---
model: claude-opus-4-7[1m]
service: claude
session: subints-phase-b2-destroy-race-fix
timestamp: 2026-04-18T04:25:26Z
git_ref: 26fb820
scope: code
substantive: true
raw_file: 20260418T042526Z_26fb820_prompt_io.raw.md
---

## Prompt

Follow-up to Phase B.2 (`5cd6df58`) after the user
observed intermittent mid-suite hangs when running
the tractor test suite under `--spawn-backend=subint`
on py3.14. The specific sequence of prompts over
several turns:

1. User pointed at the `test_context_stream_semantics.py`
   suite as the first thing to make run clean under
   `--spawn-backend=subint`.
2. After a series of `timeout`-terminated runs that
   gave no diagnostic info, user nudged me to stop
   relying on `timeout` and get actual runtime
   diagnostics ("the suite hangs indefinitely, so i
   don't think this `timeout 30` is helping you at
   all.."). Switched to
   `faulthandler.dump_traceback_later(...)` and a
   resource-tracker fixture to rule out leaks.
3. Captured a stack pinning the hang on
   `_interpreters.destroy(interp_id)` in the subint
   teardown finally block.
4. Proposed dedicated-OS-thread fix. User greenlit.
5. Implemented + verified on-worktree; user needed
   to be pointed at the *worktree*'s `./py313` venv
   because bare `pytest` was picking up the main
   repo's venv (running un-patched `_subint.py`) and
   still hanging.

Running theme over the whole exchange: this patch
only closes the *destroy race*. The user and I also
traced through the deeper cancellation story — SIGINT
can't reach subints, legacy-mode shares the GIL,
portal-cancel dies when the IPC channel is already
broken — and agreed the next step is a bounded
hard-kill in `subint_proc`'s teardown plus a
dedicated cancellation test suite. Those land as
separate commits.

## Response summary

Produced the `tractor/spawn/_subint.py` patch landed
as commit `26fb8206` ("Fix subint destroy race via
dedicated OS thread"). One file, +110/-84 LOC.

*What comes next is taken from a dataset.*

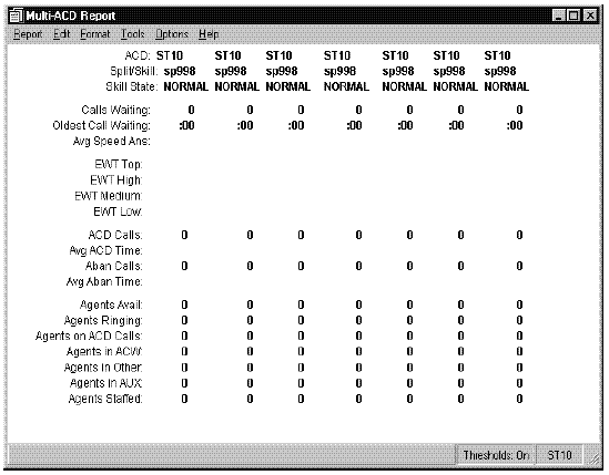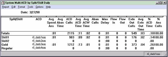 You can specify a list of splits/skills available for each ACD desired. The System Multi-ACD Report by Split/Skill report is available in daily, weekly, and monthly versions. Standard Multi-ACD reports can include information on up to eight ACDs.

Mechanism: swap `trio.to_thread.run_sync(_interpreters
.exec, ...)` for a plain `threading.Thread(target=...
, daemon=False)`. The trio thread cache recycles
workers — so the OS thread that ran `_interpreters
.exec()` remained alive in the cache holding a
stale subint tstate, blocking
`_interpreters.destroy()` in the finally indefinitely.
A dedicated one-shot thread exits naturally after
the sync target returns, releasing tstate and
unblocking destroy.

Coordination across the trio↔thread boundary:
- `trio.lowlevel.current_trio_token()` captured at
  `subint_proc` entry
- driver thread signals `subint_exited.set()` back
  to parent trio via `trio.from_thread.run_sync(...,
  trio_token=token)` (synchronous from the thread's
  POV; the call returns after trio has run `.set()`)
- `trio.RunFinishedError` swallowed in that path for
  the process-teardown case where parent trio already
  exited
- teardown `finally` off-loads the sync
  `driver_thread.join()` via `to_thread.run_sync` (a
  cache thread carries no subint tstate — safe)

## Files changed

See `git diff 26fb820~1..26fb820 --stat`:

```
 tractor/spawn/_subint.py | 194 +++++++++++++++++++------------
 1 file changed, 110 insertions(+), 84 deletions(-)
```

Validation:
- `test_parent_cancels[chk_ctx_result_before_exit=True-
  cancel_method=ctx-child_returns_early=False]`
  (the specific test that was hanging for the user)
  — passed in 1.06s.
- Full `tests/test_context_stream_semantics.py` under
  subint — 61 passed in 100.35s (clean-cache re-run:
  100.82s).
- Trio backend regression subset — 69 passed / 1
  skipped / 89.19s — no regressions from this change.

## Files changed

Beyond the `_subint.py` patch, the raw log also
records the cancellation-semantics research that
spanned this conversation but did not ship as code
in *this* commit. Preserving it inline under "Non-
code output" because it directly informs the
Phase B.3 hard-kill impl that will follow (and any
upstream CPython bug reports we end up filing).

## Human edits

None — committed as generated. The commit message
itself was also AI-drafted via `/commit-msg` and
rewrapped via the project's `rewrap.py --width 67`
tooling; user landed it without edits.